Так муж, уходя, разбирал и выбрасывал все ненужное, и Марина выхватила из ненужного их старую фотографию, – она была там нехороша, с дурацкой рожей, и он был отвратителен, но других снимков двухлетнего Федьки не существовало, и Марина припрятала этот к себе в секретер.
Так Федька, уезжая, выносил на помойку, и раздавал друзьям немудрящее аспирантское богатство, и оставил после себя только толстовки, которые никому не были впору, и кучу абитуриентских еще учебников по химии и физике.
Так Лизка, собираясь замуж в Англию, раздаривала подружкам платья, топики, туфли, джинсы, игрушечных котов, которых она собирала, и Марина выдернула в последний момент оранжевого кота Апельсинку и спрятала в секретер.

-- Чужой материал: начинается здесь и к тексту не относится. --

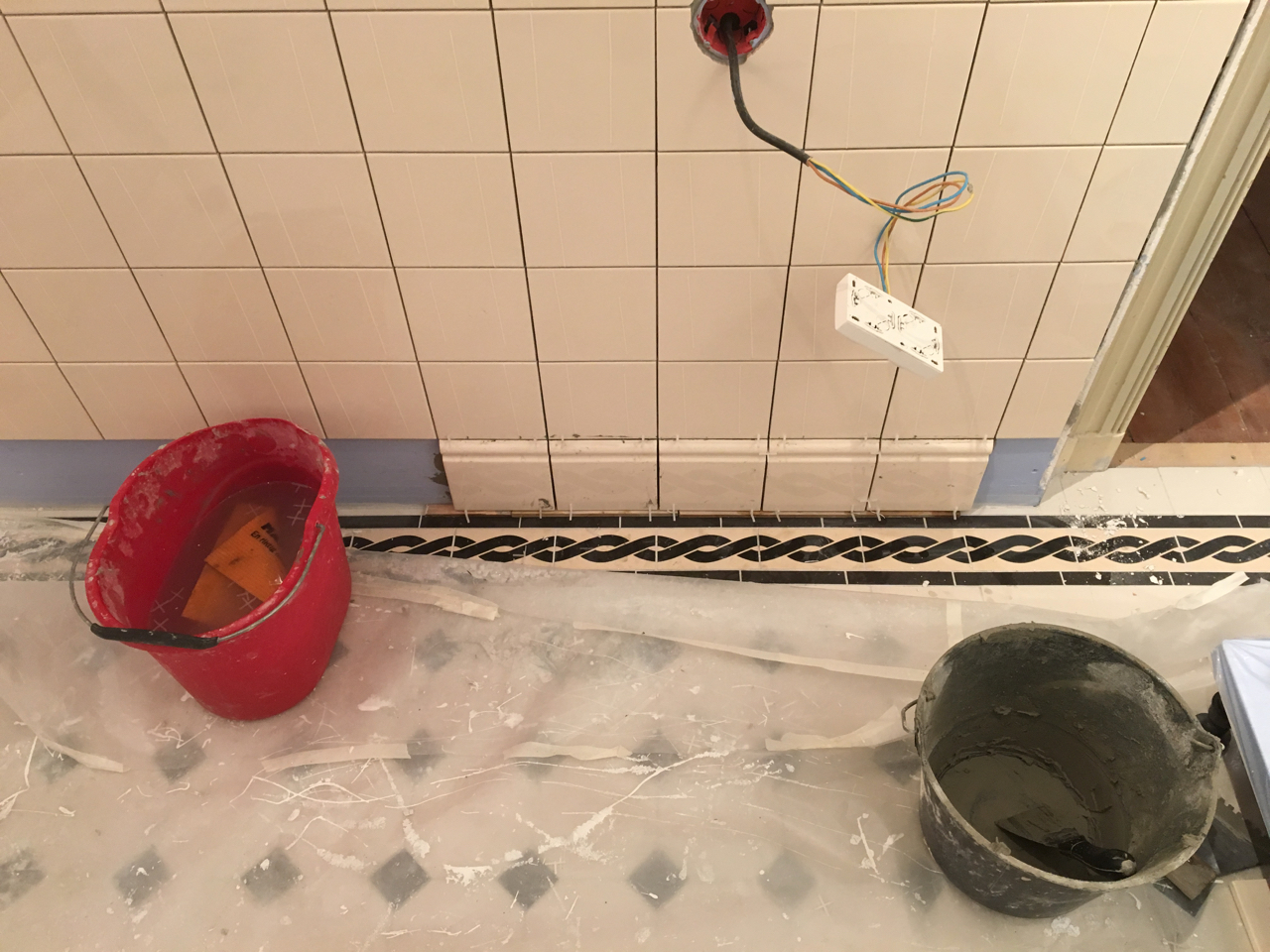 Och i väntan på att det ska torka kaklade jag några sockelplattor på hallväggen.
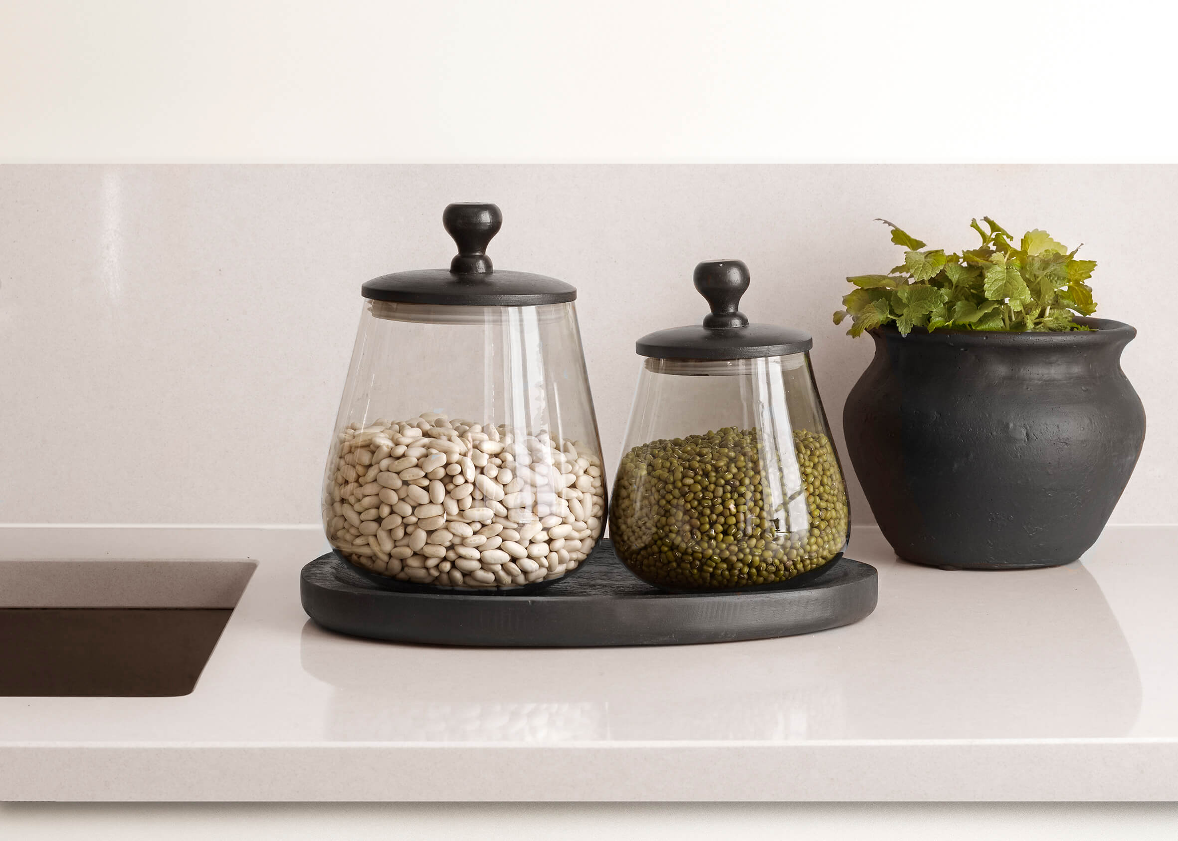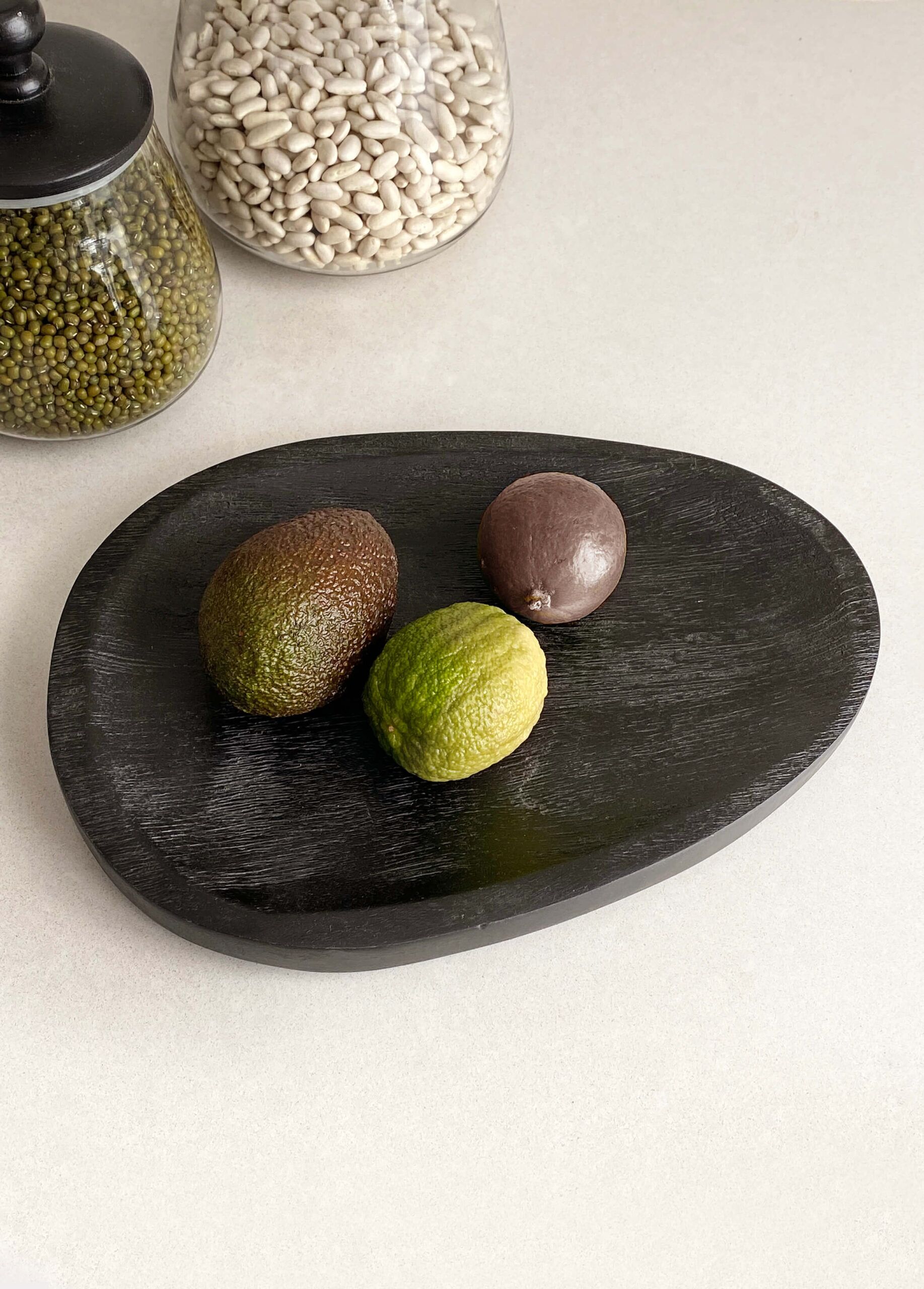 Bricka i svart trä. Fin att ha i köket och sätta oljor och kryddor på. En fin detalj på bordet i att ha ljus på. Fin att kombinera tillsammans med burkarna Zulu.

Секретер у нее уже не открывался и не закрывался – из него сыпались водопады детских рисунков, семейных стенгазет, авторских экземпляров с дарственными надписями, скукоженных пластилиновых и бумажных поделок, надаренных подругами и ни разу не надетых серег, – сыпались дни, сыпались люди, и ей надо было решать, что она берет с собой, а что не берет, и не взять половину себя она не могла, а тащить за собой весь этот хлам не имела права.
Она заперла дачный дом, как будто просто уезжает на месяц, отдала ключ – будто просто пускает пожить, посмотрела буднично на липы и клен, пожалела свои флоксы – единственное, что у нее буйно росло, но не потащишь ведь с собой флоксы! Теплые флоксы со сладкими цветочными хвостами – это тоже была Ивановка, но ведь не потащишь с собой Ивановку.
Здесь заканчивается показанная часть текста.